Wade gave a bark of laughter. “There’s never been any upstanding descendants. Until Nora and me.” He looked around bemusedly.
Marker Ranch was set in a long, narrow valley. Behind Wade, Todd noticed all kinds of outbuildings, some wood, some old prefabricated metal or plastic, staggered alongside the dirt road that cut through the ranch. He wondered what was in them. Wasn’t sure he wanted to know.

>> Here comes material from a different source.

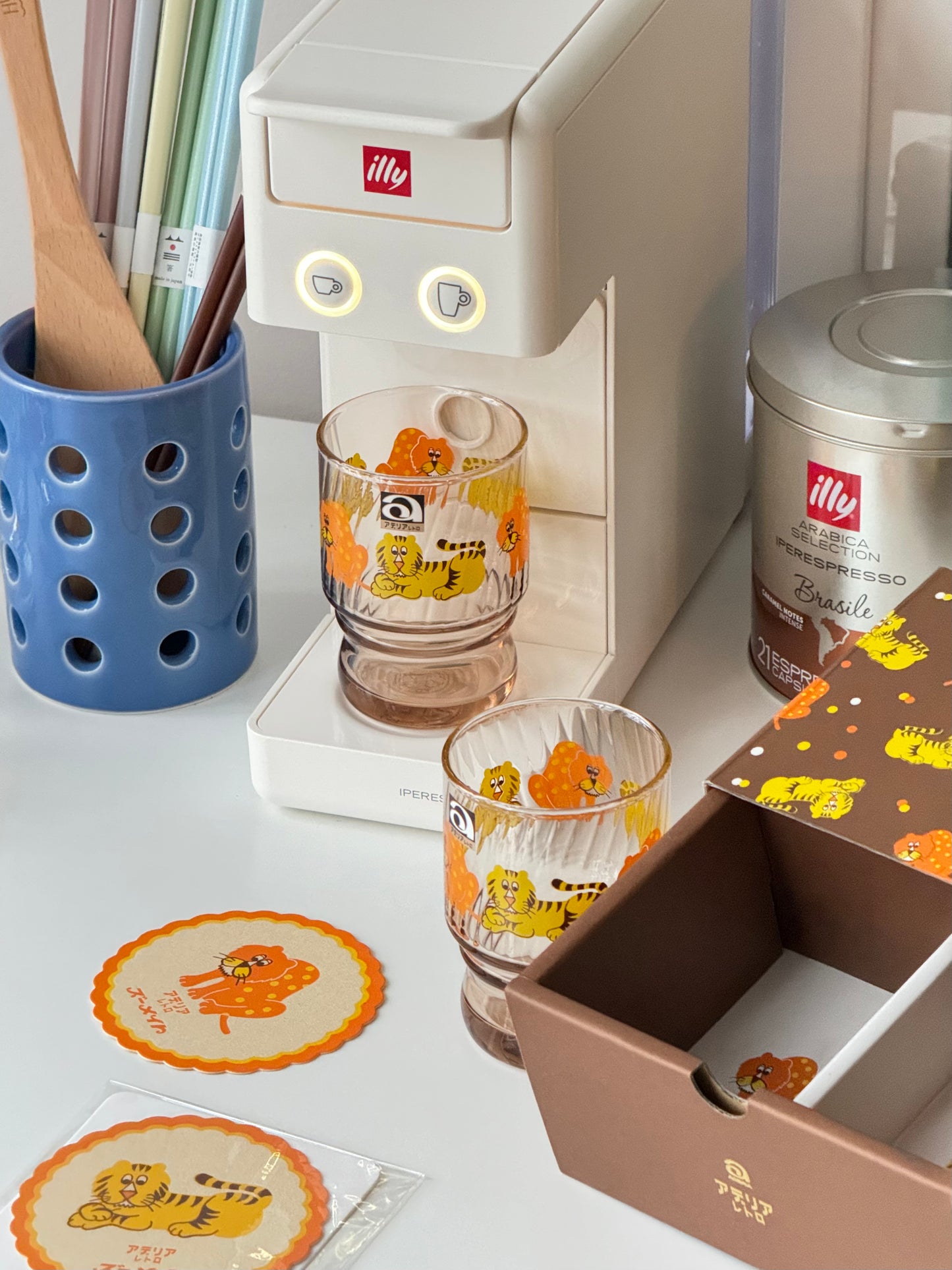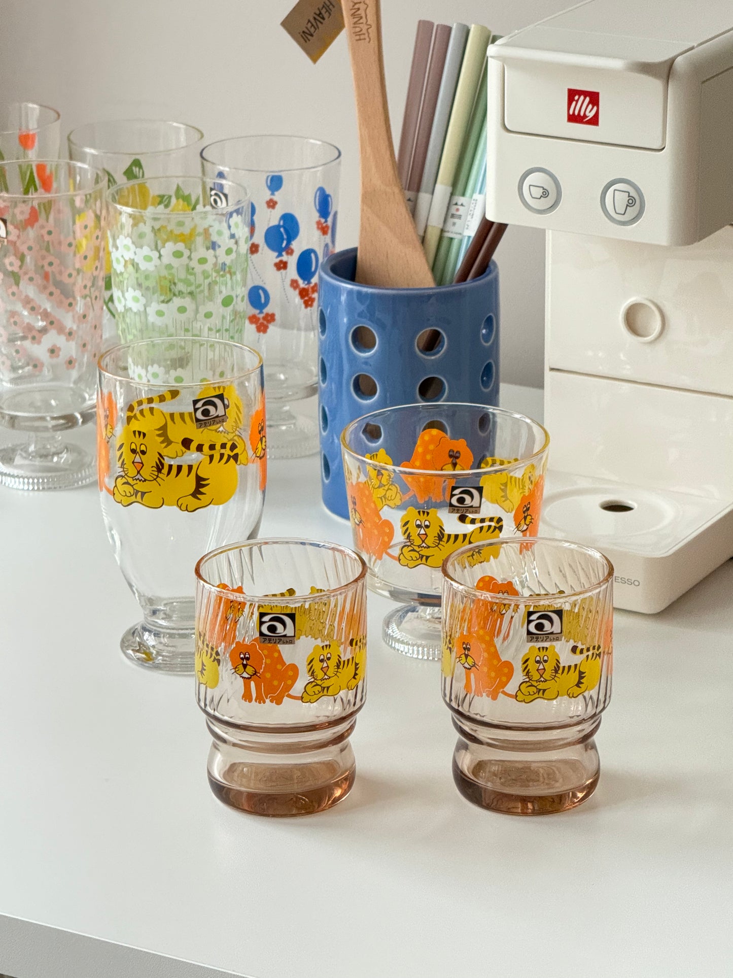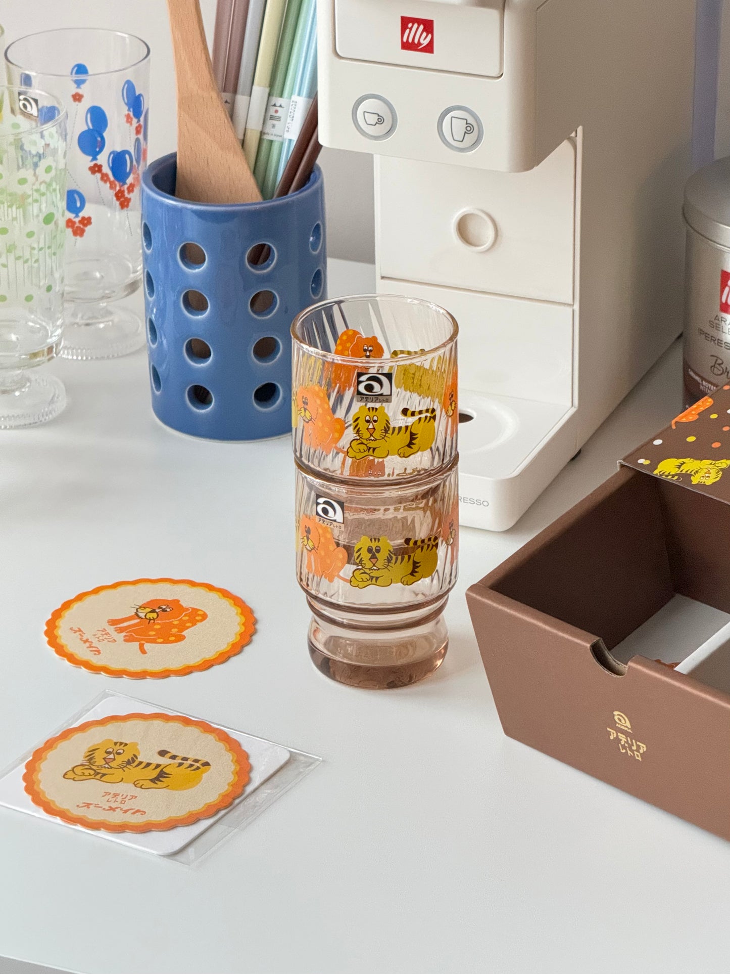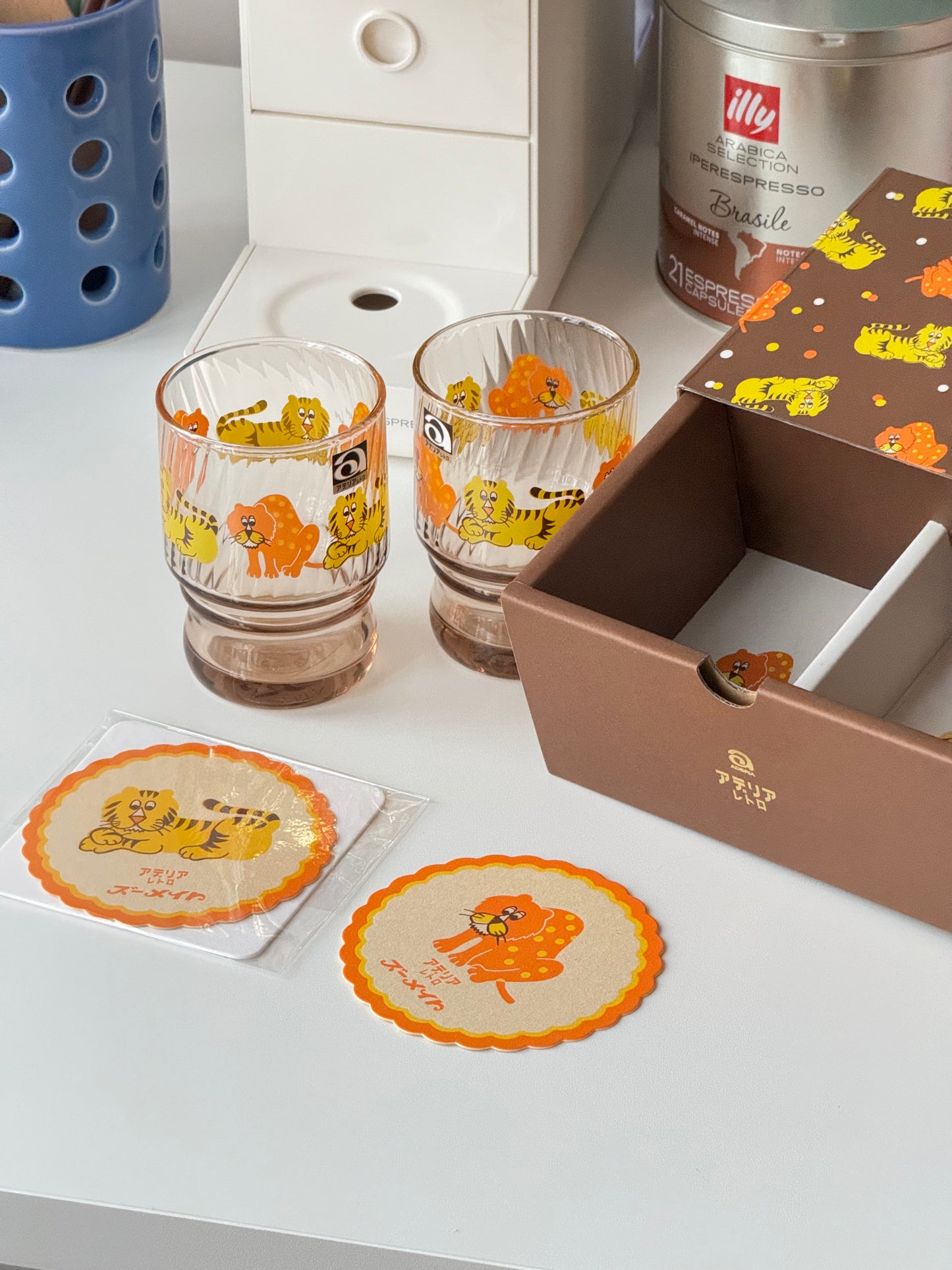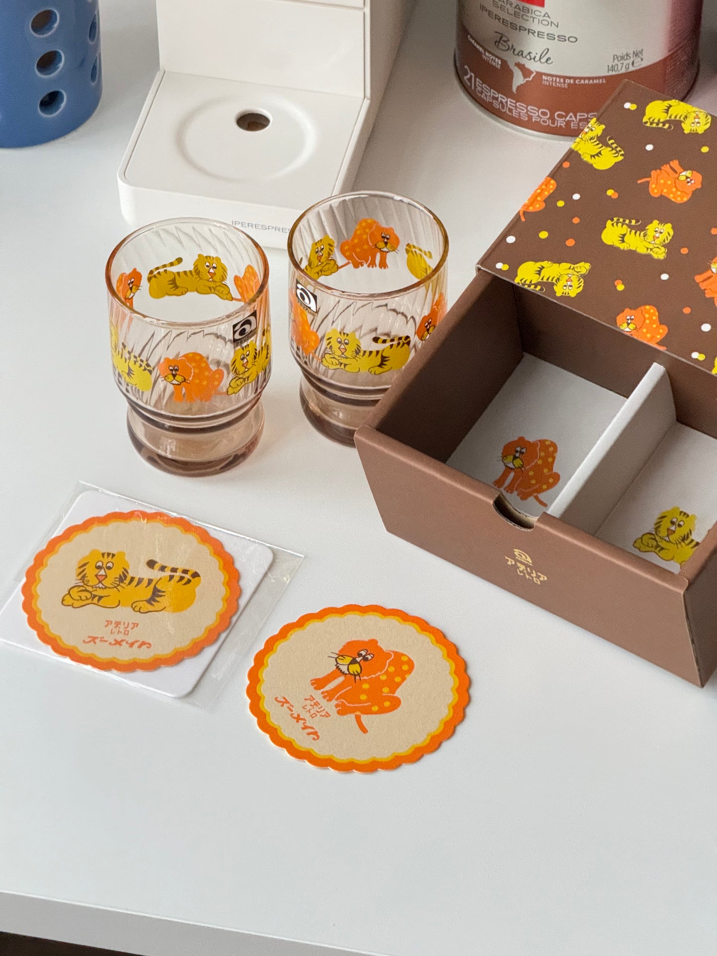 This new edition has a tiger and a leopard showing their charming expressions, and brighten your heart every time you use this adorable set of glasses.

“Nora and I haven’t ever talked about changing the name,” Wade said. “But maybe once we get it all cleaned up and it’s a real working ranch, we can decide.”
“I kind of like the name, but I didn’t grow up here.”
“No,” Wade said hollowly. “You didn’t. Count yourself lucky for that.”
“But you came back.” Todd wondered, briefly, what life circumstances would induce him to make his family home his own. He couldn’t think of any.
“For the land.” Wade gestured up, toward the valley sides that rose steeply to meet the first slopes of the Sierras. Out here the mountains seemed to push straight out of the hills, their sheer granite slopes steep and forbidding and breathtakingly beautiful. “I love it out here. The mountains, the high desert. If I can just fix this place up, I’ll have my own piece of paradise. It’s worth facing the past for that.”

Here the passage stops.